Although recovery was delayed after MRI, the patient was extubated temporarily after administration of concentrated glycerin (GLYCEOL, TAIYO Pharma Co., Tokyo, Japan; 1 g/kg slow IV), prednisolone (Prednisolone, Kyoritsu Seiyaku Co., Tokyo, Japan; 1 mg/kg SC), furosemide (Flosemide injection, Nichi-Iko Pharmaceutical Co., Toyama, Japan; 1 mg/kg IV). However, we reintubated when the patient stopped breathing and spontaneous respiration did not resume after which emergency craniectomy was performed.
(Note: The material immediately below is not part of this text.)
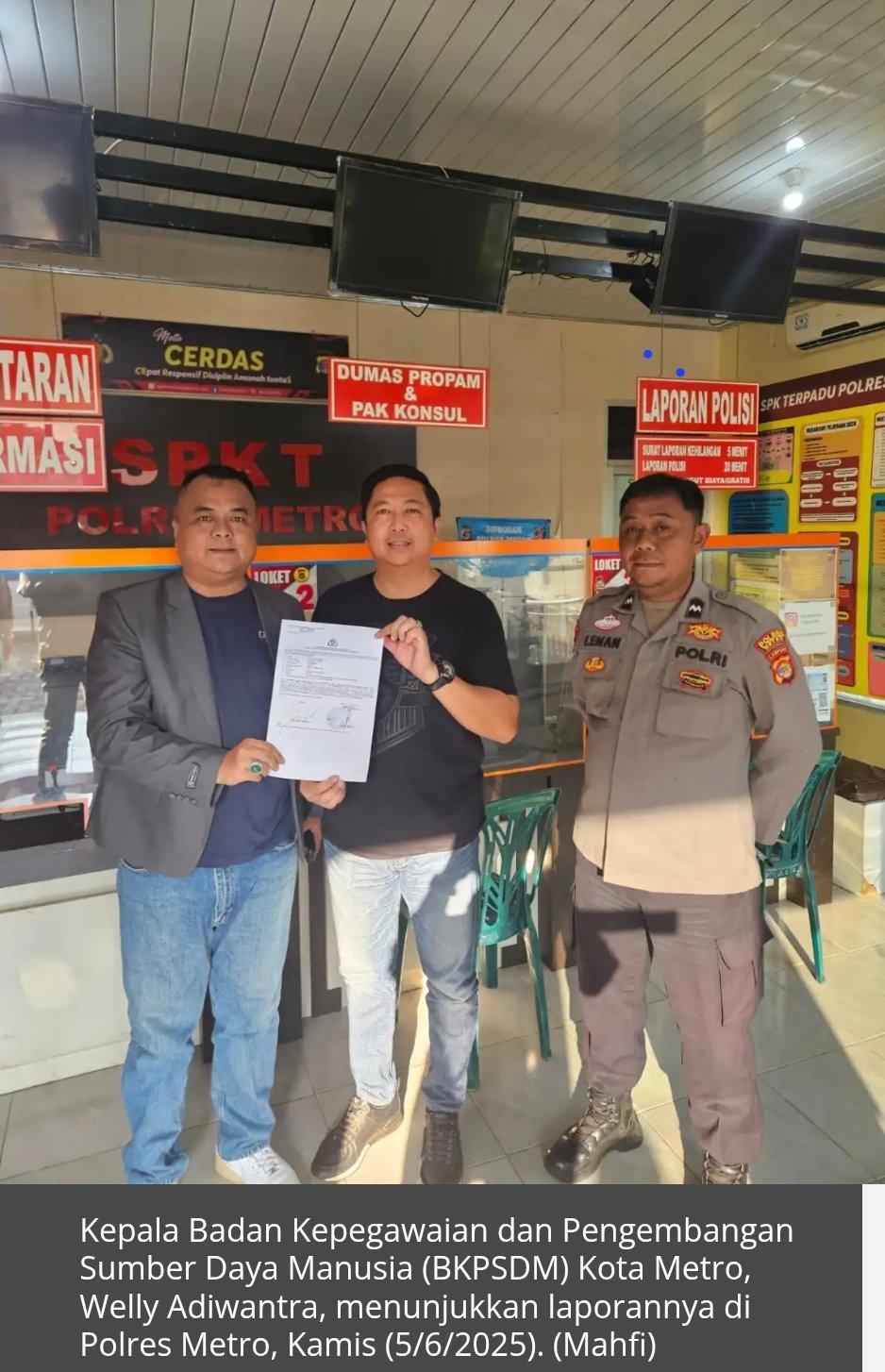 Suaraexpose—METRO, Kepala Badan Kepegawaian dan Pengembangan Sumber Daya Manusia (BKPSDM) Kota Metro, Welly Adiwantra, resmi melaporkan dugaan pencemaran nama baik ke Polres Metro. Laporan tersebut terkait dengan berita bohong (hoaks) yang mencatut namanya dalam kasus pemalsuan Surat Keputusan (SK) dan rekrutmen tenaga honorer di lingkungan Pemerintah Kota (Pemkot) Metro.

A midline incision was made for an occipital approach to the dorsal medulla. After dural incision, a slightly glossy white mass was observed on the ventral side of the caudal border of the cerebellum (Figure 3). The mass was firmer than the brain parenchyma and had a cystic structure. Intraoperative imprint cytology of the contents of the cyst with Diff-Quick staining (SYSMEX Co., Kobe, Japan) revealed denucleated keratinocytes. No bacterial pathogens were observed. After internal decompression by excising the contents of the cyst, the cyst wall was excised. The brain parenchyma did not relocate and remained depressed after mass removal. We covered the craniectomy defect with a free flap of temporalis fascia and applied fibrin glue (Beriplast P Combi-Set Tissue adhesion, CSL Behring K.K., Tokyo, Japan). The wound was closed by a standard method. The excised lesions were fixed in 10% formalin solution. No cultural examination was performed.
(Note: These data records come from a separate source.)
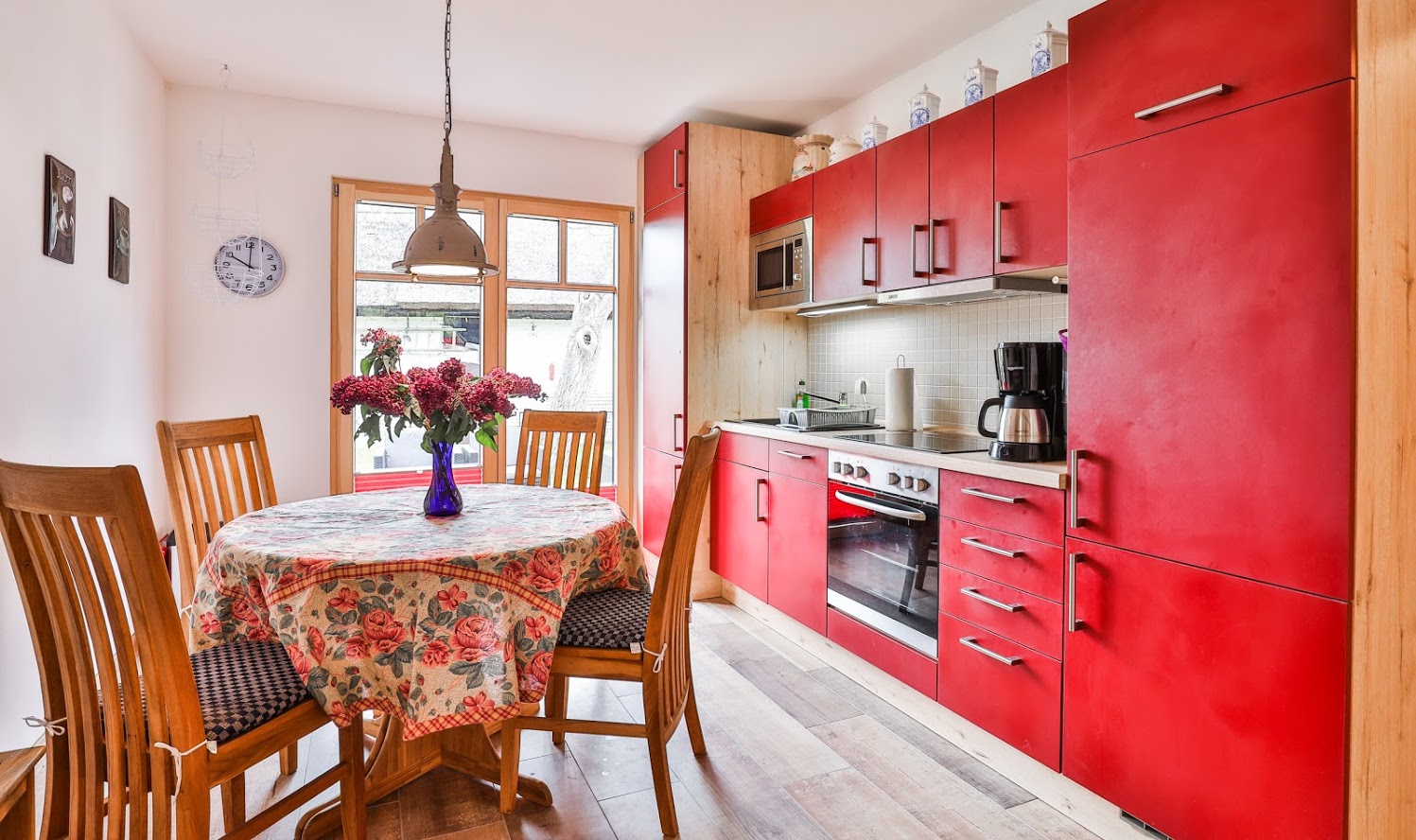 Küchenzeile mit Herd, Backofen, Kühlschrank, Tiefkühlschrank, Geschirrspülmaschine, Mikrowelle, Kaffeemaschine, Toaster, Wasserkocher
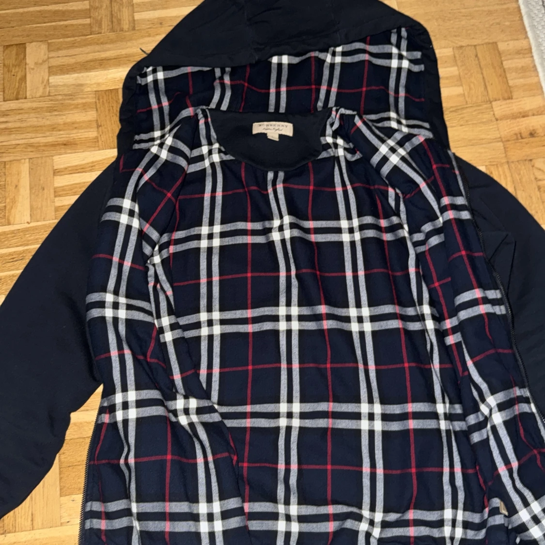Sällsynt burberry hoodie marinblå, burberry tyg innanför hela jackan till o me armarna. Bra omhändertagen, kan gå ner i pris vid snabb affär
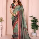 Its unique blend of earthy shades with modern patterns makes it perfect for both traditional functions and festive celebrations. A stylish pick that balances simplicity with elegance.
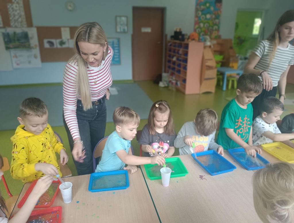 W ramach akcji Poznajemy zawody naszych rodziców mieliśmy przyjemność gościć mamę Jasia,która z zawodu również jest nauczycielem w przedszkolu. Dziękujemy Pani Justynie za zorganizowanie i przeprowadzenie z dziećmi ciekawych działań i zabaw pobudzających ich ciekawość, dziękujemy za poświęcony czas oraz zaangażowanie.

Figure 3. Intraoperative photographs. (A) After incision of the dura, a glossy white mass (black arrow) was revealed ventral to the cerebellum. (B) After removal of the contents of the mass, the cyst wall (black arrow heads) was excised. (C) After removal of the mass, the brain parenchyma did not relocate and remained depressed (*).
Fentanyl (DAIICHI SANKYO Co., Tokyo, Japan; 3 μg/kg/h constant rate infusion) for analgesia and cefazolin (Sefazolin sodium, KOA ISEI Co., Yamagata, Japan; 20 mg/kg IV) as antibiotic were administered during surgery with crystalloid fluid infusion. Post-operatively, the patient did not resume spontaneous respiration and was euthanized after 22 h of ventilator management. Necropsy was not performed.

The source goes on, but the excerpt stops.